Dataset content:
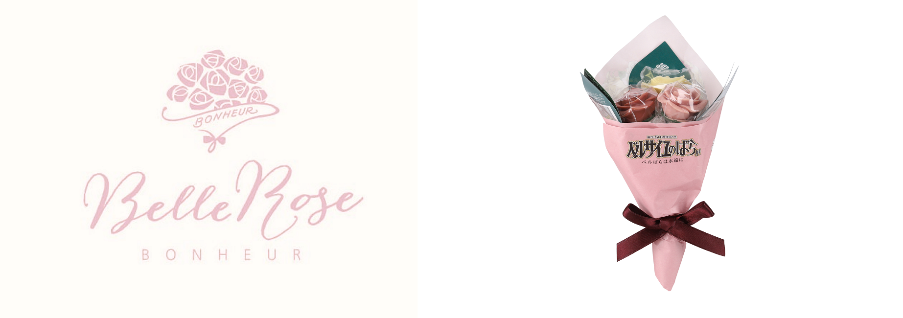 「ベルローズ・ボヌール」とは、「しあわせの綺麗なバラ」という意味。日々の暮らしの中に笑顔としあわせをお届けしたいという想いから誕生したブランドです。本物のバラと見間違うようなバラのショコラは、自社工場にて1つ1つ心を込めてお作りしております。色、香り、美しさ、華やかさ。気高く咲き誇る薔薇のショコラ。ベルばらファンのために選りすぐりのフレーバーでブーケを作りました。
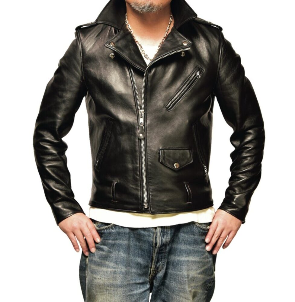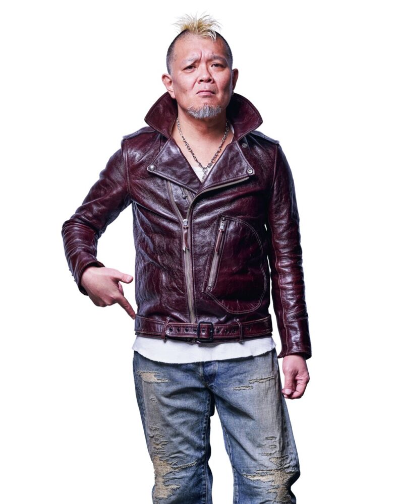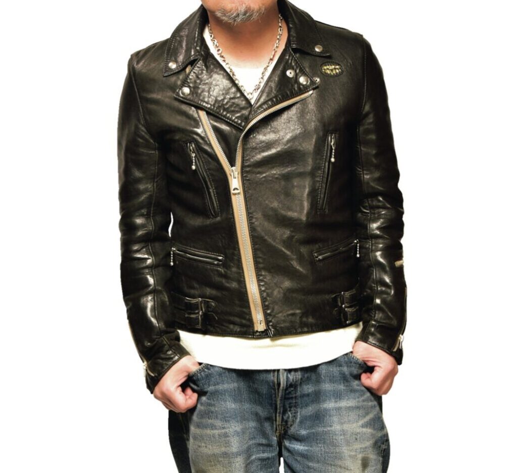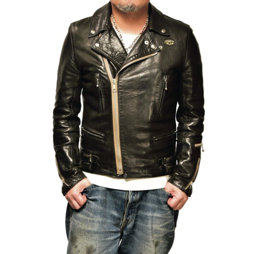 モヒカン小川の私物革ジャンとハイウェイナインを実際に合わせてみた。身長175㎝・体重72㎏のモヒ小川はリブTシャツのLサイズをチョイス。使用した革ジャンはリアルマッコイズのA-2、ショット・ワンスター、ルイスレザーズのライトニング。どう? 最高の着丈じゃね?
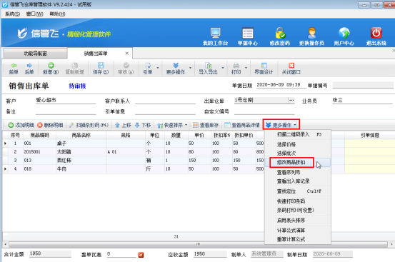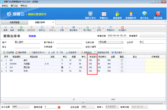 信管飛送貨單軟件、信管飛倉庫管理軟件、信管飛RMS開單時,當商品存在打折情況時,支持錄入商品的折扣率。當商品明細的內容比較多時,為了快速開單,提高效率,可以批量更新單據明細中的折扣率。下面我們以信管飛倉庫管理軟件為例詳細介紹下如何批量修改商品折扣率。
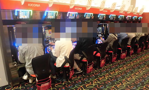 午後の20円パチスロでも、多くのプレイヤーが遊技を楽しんでいた。
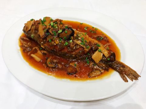 DaoXiang Restaurant (Ying Xi)这家店位于江南大道盈熙商贸中心的五楼,离地铁站和公交车站有一定的距离,交通不算很方便。 店面很大,占了整整的一层,有包间和大厅,装修得富丽堂皇 红烧黄鱼 黄鱼很大条,非常新鲜,肉质结实细腻,没有很多的骨头。 农家羊腩煲 羊腩很多,都是带皮的羊肉,焖得很淋很入味。里面的支竹吸收了羊油和酱汁的味道,更加好吃。 果酒 度数不高,带有果香。
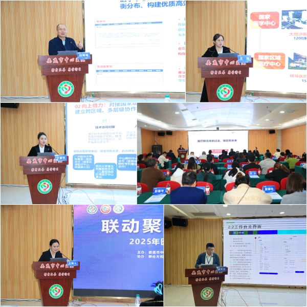 为让群众在家门口享受到更优质的医疗服务,推动区域医疗实现“资源共享、优势互补、协同发展”,近日,由我院主办,新化天和医院协办的2025年医联体工作联络员培训会在我院召开。我院党委副书记、院长杨吉军,副院长彭福森出席会议。来自广州、邵阳、娄底等地的医院管理专家,以及我院相关科室负责人、医联体工作联络员齐聚一堂,围绕“如何通过更高效的医联体协作服务患者”共学共进。

Task:
Copy out exactly the lines from the one with "DaoXiang Restaurant (Ying" through the end of the listing, both ends included, omitting any picture.

Finished task:
 DaoXiang Restaurant (Ying Xi)这家店位于江南大道盈熙商贸中心的五楼,离地铁站和公交车站有一定的距离,交通不算很方便。 店面很大,占了整整的一层,有包间和大厅,装修得富丽堂皇 红烧黄鱼 黄鱼很大条,非常新鲜,肉质结实细腻,没有很多的骨头。 农家羊腩煲 羊腩很多,都是带皮的羊肉,焖得很淋很入味。里面的支竹吸收了羊油和酱汁的味道,更加好吃。 果酒 度数不高,带有果香。
 为让群众在家门口享受到更优质的医疗服务,推动区域医疗实现“资源共享、优势互补、协同发展”,近日,由我院主办,新化天和医院协办的2025年医联体工作联络员培训会在我院召开。我院党委副书记、院长杨吉军,副院长彭福森出席会议。来自广州、邵阳、娄底等地的医院管理专家,以及我院相关科室负责人、医联体工作联络员齐聚一堂,围绕“如何通过更高效的医联体协作服务患者”共学共进。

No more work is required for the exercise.